→ **Work item**
Output the records precisely as they stand. Pictures are to be skipped.

* * * * * * * * *

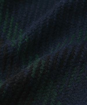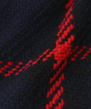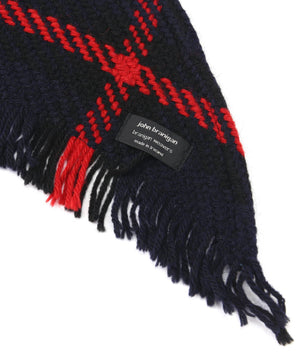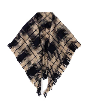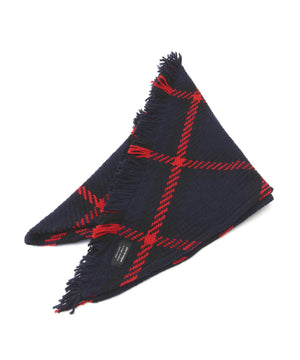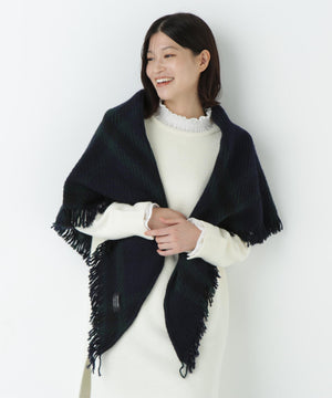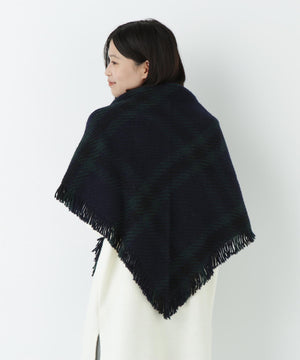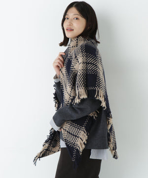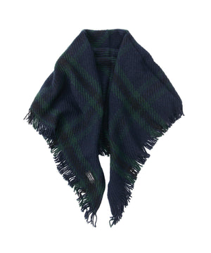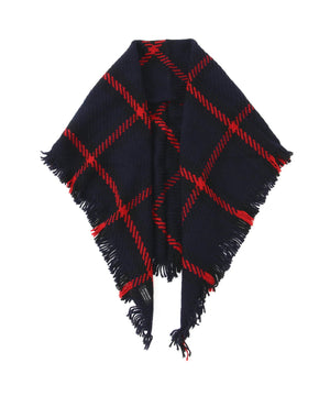 大振りなチェック柄がトラッドな雰囲気漂うトライアングルフリンジストールです。
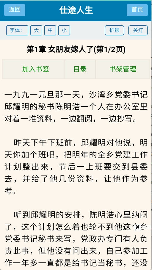 1、阅读界面设计舒适,字体大小支持调节,能够满足不同用户的阅读习惯。
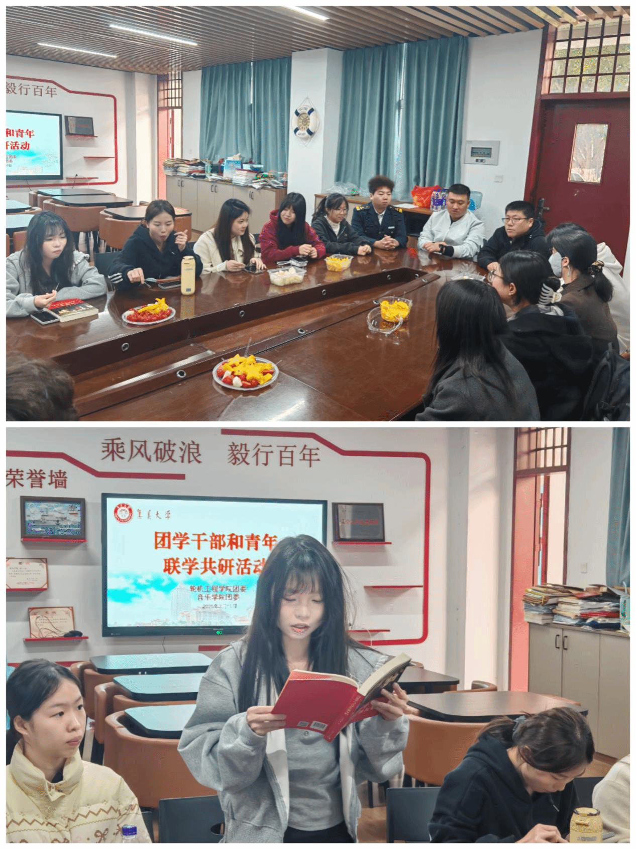 活动通过专题领学、分组研讨等形式,结合音乐学院的艺术特色与轮机工程学院的实践精神,探讨如何将专业学习与思政教育深度融合。现场气氛活跃,学生们结合书中习近平总书记对青年的殷切期望,分享了艺术创作中的文化传承使命和工科实践中的创新责任,展现了跨学科交流的思维碰撞。通过跨领域对话,不仅拓宽了学生的认知视野,更推动艺术与工科在思想教育层面的融合。
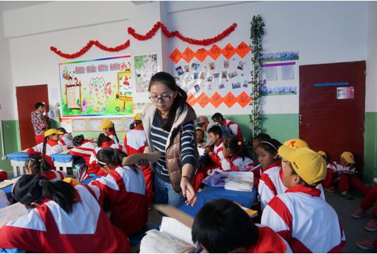 张曦元与孩子们在课堂上
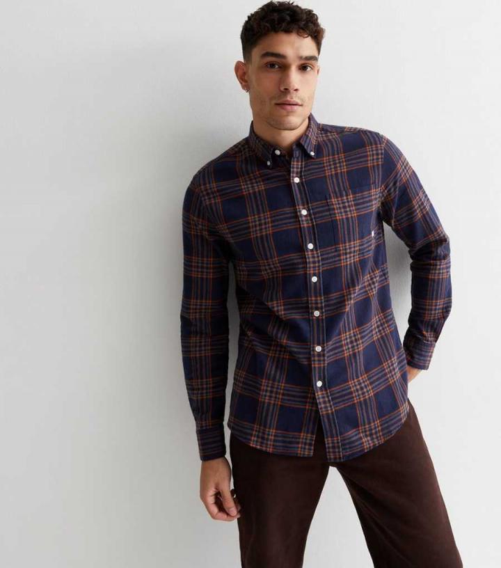 Shirts | New Look Mens Farah Navy Cotton Check Button Up Shirt
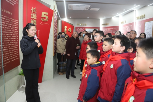 胡哲同学向大家描述了宋公堤遗址现状,并邀请大家共赏宋公堤下好风景。陈展馆内一张张图片、一幅幅场景、一件件陈列物品,展现了当年修筑堤可歌可泣的奋斗历程和丰功功绩,将同学们又带回那波澜壮阔的峥嵘岁月。通过本次活动,大家不仅对宋公堤的历史有了更深入的了解,也更加深刻感悟宋公堤精神。
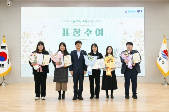 표창 수여식에서는 ‘2025년 의료급여사업 평가 우수기관’ 선정에 따른 보건복지부장관 표창(공은미 사회복지과장)을 비롯해 국가보훈부 및 보건복지부 업무유공 표창(신원희·최수은 주무관)이 전수됐다. 이어 이달의 우수공무원(문화예술과 류선영외 3명)과 2025년 하반기 적극행정 우수공무원(농업지원과 신서희외 5명)에 대한 시상도 함께 진행됐다.
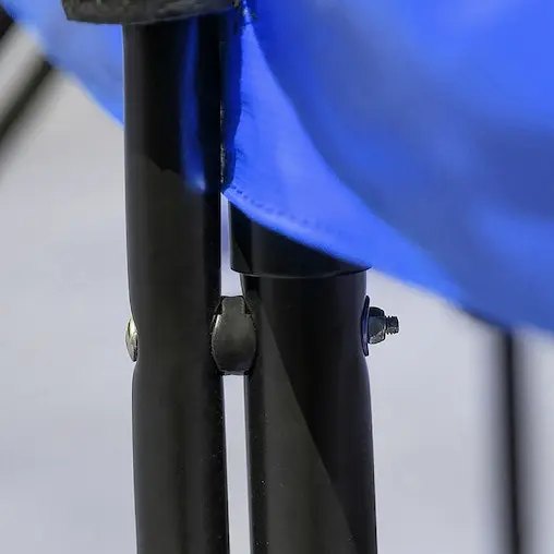 This trampoline uses linked legs for superior stability and the structure of the legs also minimizes the tendency for legs to dig into the ground. Legs also feature reinforced joint bars to enhance strength and stability.

* * * * * * * * *

→ **Exercise result**
 大振りなチェック柄がトラッドな雰囲気漂うトライアングルフリンジストールです。
 1、阅读界面设计舒适,字体大小支持调节,能够满足不同用户的阅读习惯。
 活动通过专题领学、分组研讨等形式,结合音乐学院的艺术特色与轮机工程学院的实践精神,探讨如何将专业学习与思政教育深度融合。现场气氛活跃,学生们结合书中习近平总书记对青年的殷切期望,分享了艺术创作中的文化传承使命和工科实践中的创新责任,展现了跨学科交流的思维碰撞。通过跨领域对话,不仅拓宽了学生的认知视野,更推动艺术与工科在思想教育层面的融合。
 张曦元与孩子们在课堂上
 Shirts | New Look Mens Farah Navy Cotton Check Button Up Shirt
 胡哲同学向大家描述了宋公堤遗址现状,并邀请大家共赏宋公堤下好风景。陈展馆内一张张图片、一幅幅场景、一件件陈列物品,展现了当年修筑堤可歌可泣的奋斗历程和丰功功绩,将同学们又带回那波澜壮阔的峥嵘岁月。通过本次活动,大家不仅对宋公堤的历史有了更深入的了解,也更加深刻感悟宋公堤精神。
 표창 수여식에서는 ‘2025년 의료급여사업 평가 우수기관’ 선정에 따른 보건복지부장관 표창(공은미 사회복지과장)을 비롯해 국가보훈부 및 보건복지부 업무유공 표창(신원희·최수은 주무관)이 전수됐다. 이어 이달의 우수공무원(문화예술과 류선영외 3명)과 2025년 하반기 적극행정 우수공무원(농업지원과 신서희외 5명)에 대한 시상도 함께 진행됐다.
 This trampoline uses linked legs for superior stability and the structure of the legs also minimizes the tendency for legs to dig into the ground. Legs also feature reinforced joint bars to enhance strength and stability.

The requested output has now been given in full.